Founding Father’s walk into the Cannabis Caucus
To the People,
In the matter of the MORE Act of 2025 and its treatment of veterans' concerns, I have reviewed the evolution of this legislation and observed critical gaps that must be addressed in service of our nation’s veterans.
Context of the Issue:
In October of 2020, I, alongside veterans from across the country, approached the United States Cannabis Caucus, seeking consideration for our community's unique needs within the upcoming MORE Act. Despite presenting the concerns of our veterans with respect and urgency, our voices were met with silence. Though our appeal was disregarded, I resolved to seek other avenues of action, collaborating with Representative David Joyce and others to refine our proposals.

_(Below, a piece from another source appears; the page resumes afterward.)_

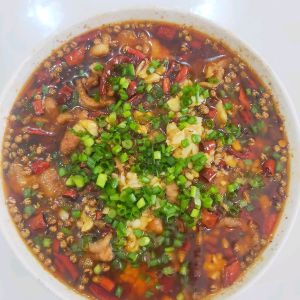 先炒豆瓣酱,炒好了加水,配菜煮好,捞出放碗里。记到放盐

The 2025 MORE Act and the Gaps:
Veterans’ Voices and Recognition:
The MORE Act speaks of veterans in passing, primarily in the context of PTSD. Yet, it fails to recognize the distinct status of veterans as federal patients.
My proposals center on institutionalizing the veteran voice, ensuring that their needs are heard, particularly regarding cannabis as a harm reduction tool, and formalizing their protections across all states.

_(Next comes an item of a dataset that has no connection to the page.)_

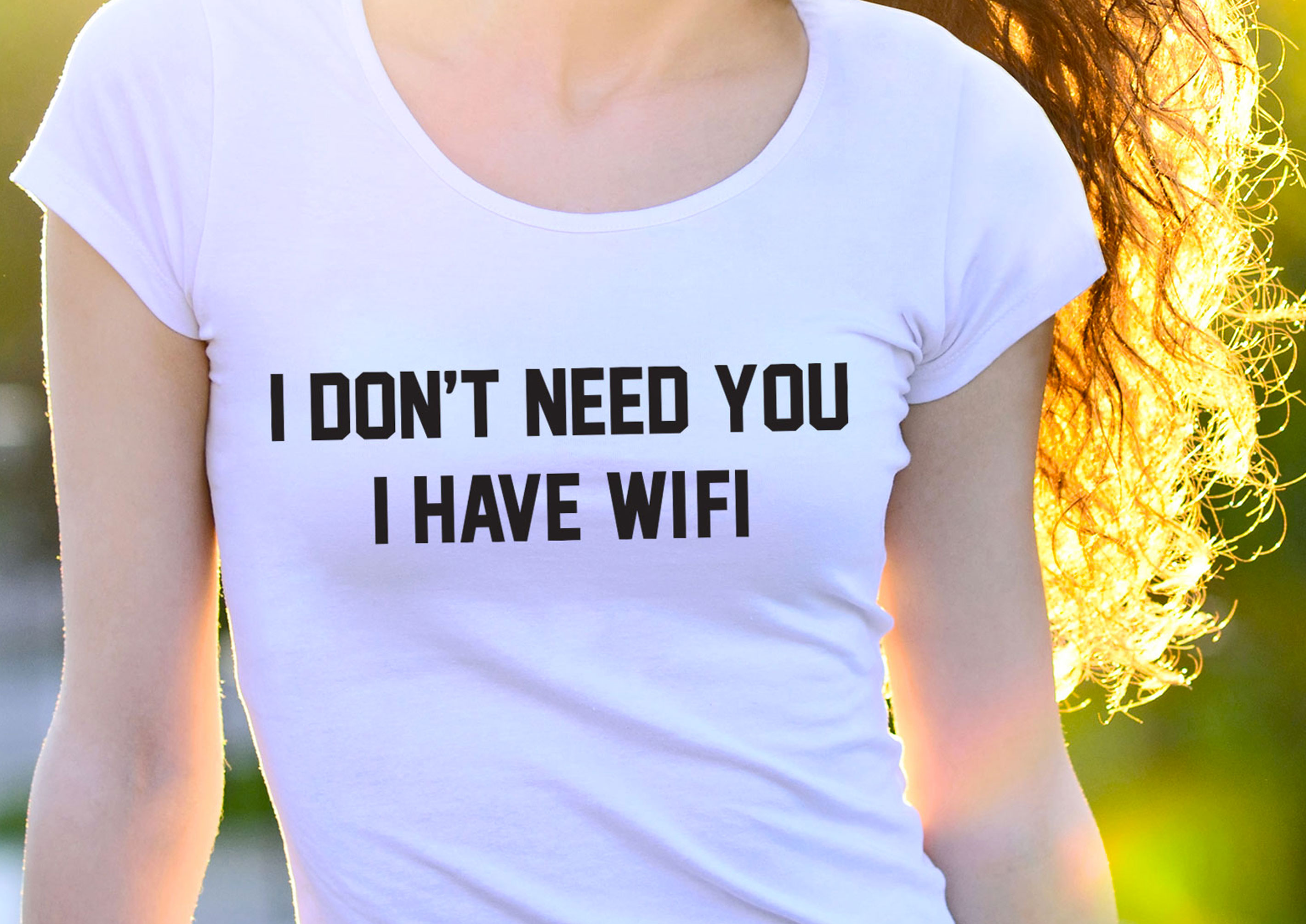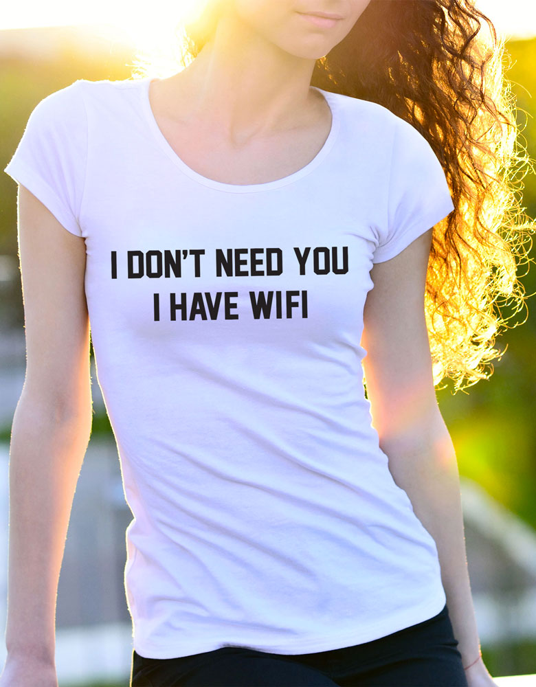In vendita da Zamboni53 Store per la nuova linea T-53 la T-Shirt WIFI bianca con la scritta nera I DON’T NEED YOU I HAVE WIFI.

Suicide Prevention and Harm Reduction:
Suicide among veterans remains a staggering issue. I have continually advocated for cannabis as a vital harm reduction measure, especially to combat the over-reliance on pharmaceuticals.
The MORE Act does not address the connection between cannabis and suicide prevention, nor does it reflect the need for substance use disorder treatments tailored to veterans.
VA & DoD Integration:
My blueprint calls for the integration of cannabis treatment within the VA and DoD systems. Veterans should be treated as federal patients under federal care, with uniform protections in place.
The MORE Act fails to address how cannabis should be handled by these agencies, leaving veterans without clarity regarding their treatment options.
Compassionate IND Program:
I propose an expanded Compassionate Investigational New Drug (IND) Program to allow veterans access to federally grown cannabis.
The MORE Act acknowledges the IND program but offers no real expansion, nor does it commit to transparency regarding safety and efficacy data, crucial to ensuring safe and effective treatment for veterans.
State-Level Programs:
My approach calls for state-based frameworks that include job placement, licensing preferences, and protections for cannabis-related veterans' organizations.
In contrast, the MORE Act remains silent on these matters, deferring the responsibility to states, leaving veterans’ needs unaddressed at the federal level.
Conclusion:
While the MORE Act of 2025 represents progress toward broad cannabis reform, it fails to offer a veteran-centered framework—one that acknowledges veterans as federal patients with unique medical needs. The gaps identified here must be addressed if we are to fulfill our sacred duty to those who have served this nation. We must ensure that cannabis becomes a viable treatment option, integrated into federal care systems, and that new, specialized Veteran Service Organizations (VSOs) are chartered to support the health and well-being of our veterans.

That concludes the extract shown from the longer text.